Critical Overview
Things Fall Apart has experienced a huge success. Since it was published in 1958, the book has sold more than two million copies in over thirty languages. Critics attribute its success not only to the book’s message, but also to Achebe’s talents as a writer. Achebe believes that stories should serve a purpose; they should deliver a meaningful message to the people who hear or read them.
When Achebe wrote Things Fall Apart, his intent was to explain the beginnings of the turmoil Africans have been experiencing over the past century. He wanted to describe the integrity of precolonial Nigeria, detail the effects of colonialism on tribal societies, and reveal the kinds of immoral treatment that people in modern society are often made to suffer. Critics agree that he accomplished all of these purposes. They feel that he writes honestly about tribal life and the colonial legacy. They also believe that Achebe delivers another important message: man will always face change, and he who can accommodate change will survive.

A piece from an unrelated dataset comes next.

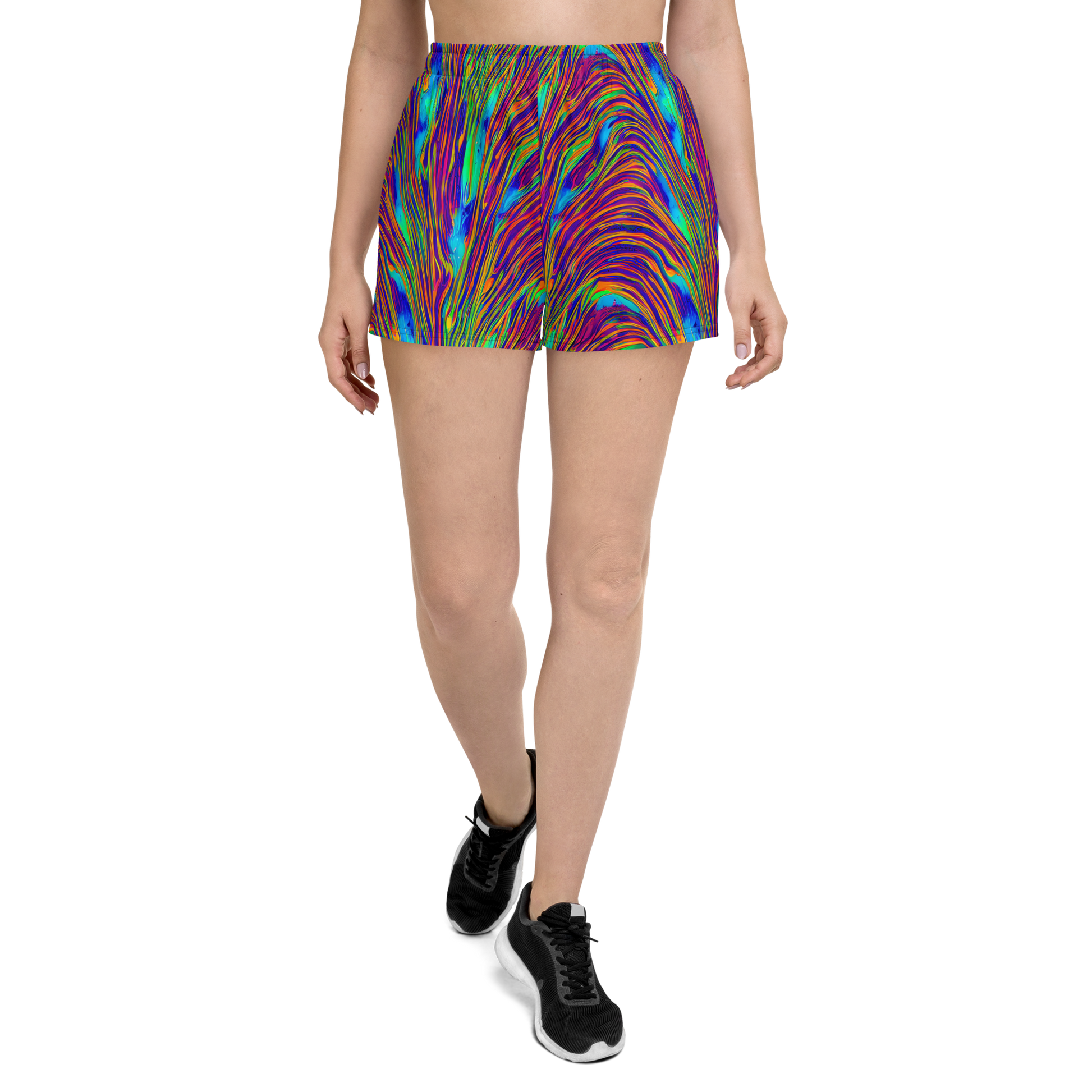 Step into a world of vibrant energy with our AI-designed athletic short shorts, featuring a mesmerizing pattern of electric blues, fiery oranges, vivid purples, and neon greens that evoke fluidity and movement. Perfect for bold personalities and artistic souls, these shorts are your go-to for music festivals, art exhibitions, or any event that celebrates creativity. Made for spring and summer, they add a splash of psychedelic energy to your wardrobe.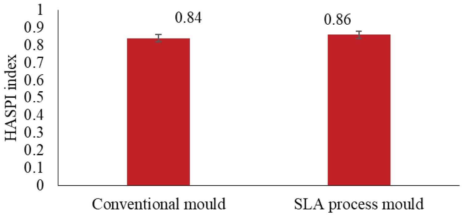 The mean HASPI for SLA and conventional moulds with 3 mm vent was 0.86 (SD = 0.03) and 0.84 (SD = 0.02), respectively. The mean HASQI for SLA process mould with 3 mm vent was 0.34 (SD = 0.03), and for conventional mould was 0.29 (SD = 0.03). Figure 3 and Figure 4 represent the HASPI and HASQI of conventional and SLA-processed ear moulds with vents.

While some readers will view Okonkwo’s deterioration and demise as a tragic result of his going against the will of the gods, others see the new “world order” as inevitable. Okonkwo’s acts do not bring the tribe to an end; it is the tribe’s lack of adaptability that destroys it. These opposing interpretations strengthen the impact of the book. In The Growth of the African Novel, Eustace Palmer states that
while deploring the imperialists’ brutality and condescension, [Achebe] seems to suggest that change is inevitable and wise men . . . reconcile themselves to accommodating change. It is the diehards . . . who resist and are destroyed in the process.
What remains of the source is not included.